Exactly the lines from the line that has "Piccolo Buddha in" through the final line below are to be retyped, and the pictures are not.

____ Recorded data

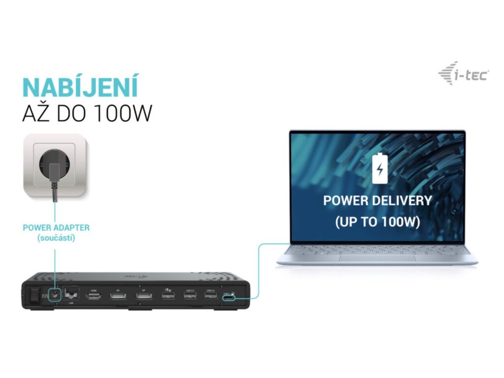 • Dokovací stanice podporuje až 100W napájení připojeného notebooku nebo tabletu.
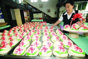 10月4日,北京老字号护国寺小吃店员工在装寿桃礼篮。 10月5日是我国传统节日重阳节,一些老字号加紧赶制寿桃、重阳糕等节日食品,满足市场需要。新华社发(陈晓根 摄)
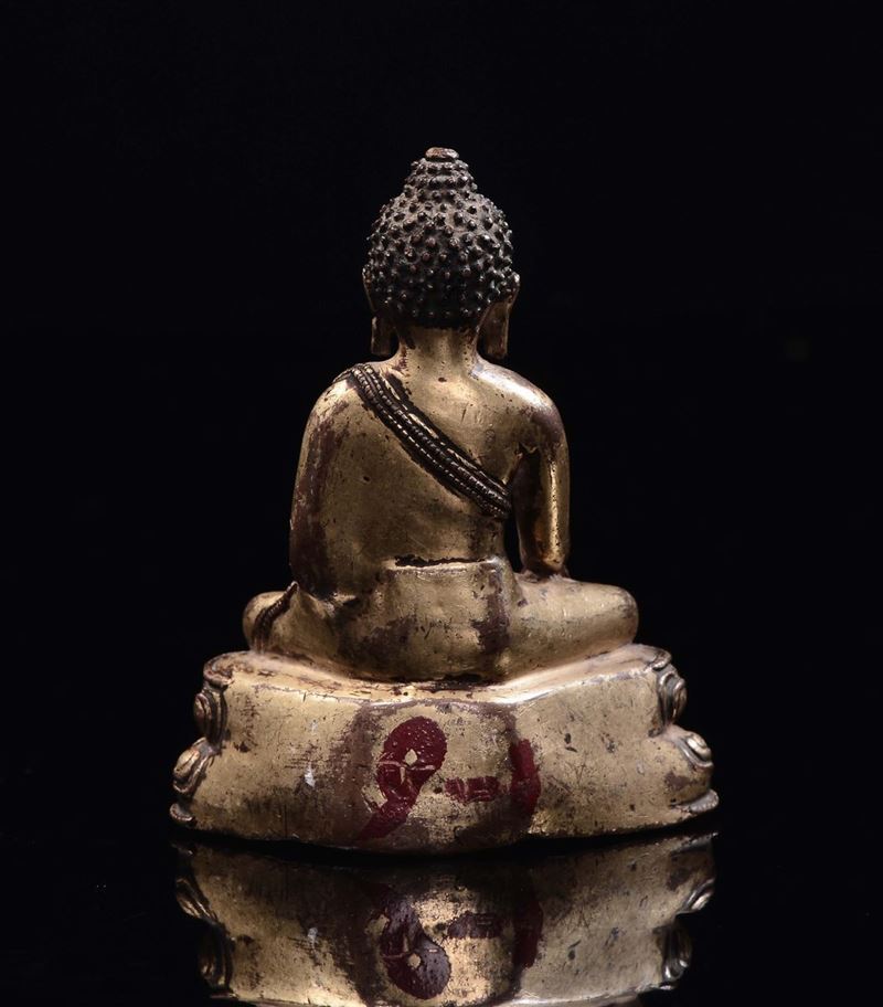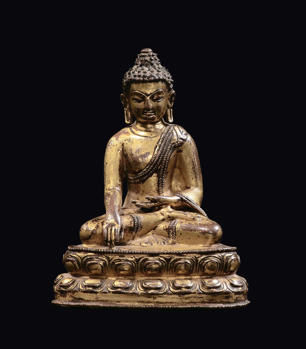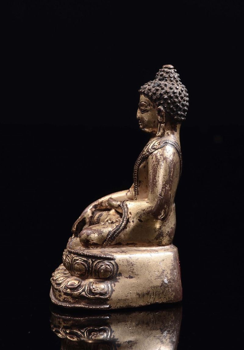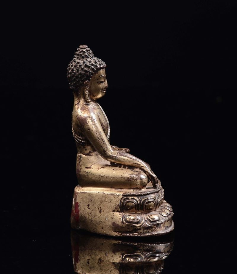 Piccolo Buddha in bronzo dorato seduto su doppio fiore di loto, Tibet, XVII secolo
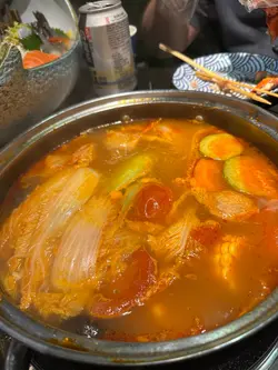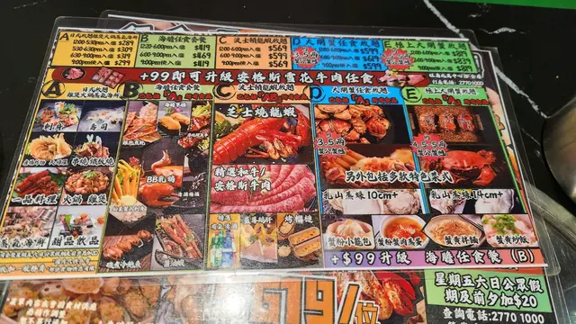 🍲 避雨好去处:本来谂住食普通放题,点知呢间有火锅+刺身+烧烤,仲可以有好多汤底拣~酸菜鱼汤底,鱼片够滑,汤底够味,唔使加钱转款,几抵! 🍣 刺身选择多: - 上枱时喷晒烟咁效果,几有气氛。三文鱼、螺片、赤虾都好新鲜,虾都有三款,仲有海胆军舰,细细见唔会太饱味道唔错。 - 麻辣小龙虾几入味,辣度适中,食得过瘾。 🦪 火锅海鲜质素几OK: - 海鲜拼盘有蚝、松叶蟹脚、鲍鱼,蚝够饱满,蟹脚算鲜甜,整体合格。 - 雪柜仲有大量火锅配料:牛肉、丸类、蔬菜,款式算多,唔会拣唔落手。 🍢 烧烤几好食: - **烧菠萝**系放题必食!表面微焦,咬落多汁,解腻一流。 - 牛舌、虾同鳝件烧得刚好,调味适中,又唔会太干。 🍨 甜品饮品任拣: - 饮品有汽水、茶、果汁,选择够晒多。 - 甜品有布甸、啫喱,门口个雪柜仲有好多款雪条、雪糕,临走拎支朱古力雪糕食,大满足。 💬 总结:价钱合理,食物种类多,刺身、火锅、烧烤三样都有,适合一班人聚餐。下次落雨或者会再嚟! 唔同时段仲有唔同优惠,钟意食多啲嘅可以加钱,丰俭由人!📌小贴士:晚市多人,最好订位。 …查看更多

________

# Response box:
 Piccolo Buddha in bronzo dorato seduto su doppio fiore di loto, Tibet, XVII secolo
 🍲 避雨好去处:本来谂住食普通放题,点知呢间有火锅+刺身+烧烤,仲可以有好多汤底拣~酸菜鱼汤底,鱼片够滑,汤底够味,唔使加钱转款,几抵! 🍣 刺身选择多: - 上枱时喷晒烟咁效果,几有气氛。三文鱼、螺片、赤虾都好新鲜,虾都有三款,仲有海胆军舰,细细见唔会太饱味道唔错。 - 麻辣小龙虾几入味,辣度适中,食得过瘾。 🦪 火锅海鲜质素几OK: - 海鲜拼盘有蚝、松叶蟹脚、鲍鱼,蚝够饱满,蟹脚算鲜甜,整体合格。 - 雪柜仲有大量火锅配料:牛肉、丸类、蔬菜,款式算多,唔会拣唔落手。 🍢 烧烤几好食: - **烧菠萝**系放题必食!表面微焦,咬落多汁,解腻一流。 - 牛舌、虾同鳝件烧得刚好,调味适中,又唔会太干。 🍨 甜品饮品任拣: - 饮品有汽水、茶、果汁,选择够晒多。 - 甜品有布甸、啫喱,门口个雪柜仲有好多款雪条、雪糕,临走拎支朱古力雪糕食,大满足。 💬 总结:价钱合理,食物种类多,刺身、火锅、烧烤三样都有,适合一班人聚餐。下次落雨或者会再嚟! 唔同时段仲有唔同优惠,钟意食多啲嘅可以加钱,丰俭由人!📌小贴士:晚市多人,最好订位。 …查看更多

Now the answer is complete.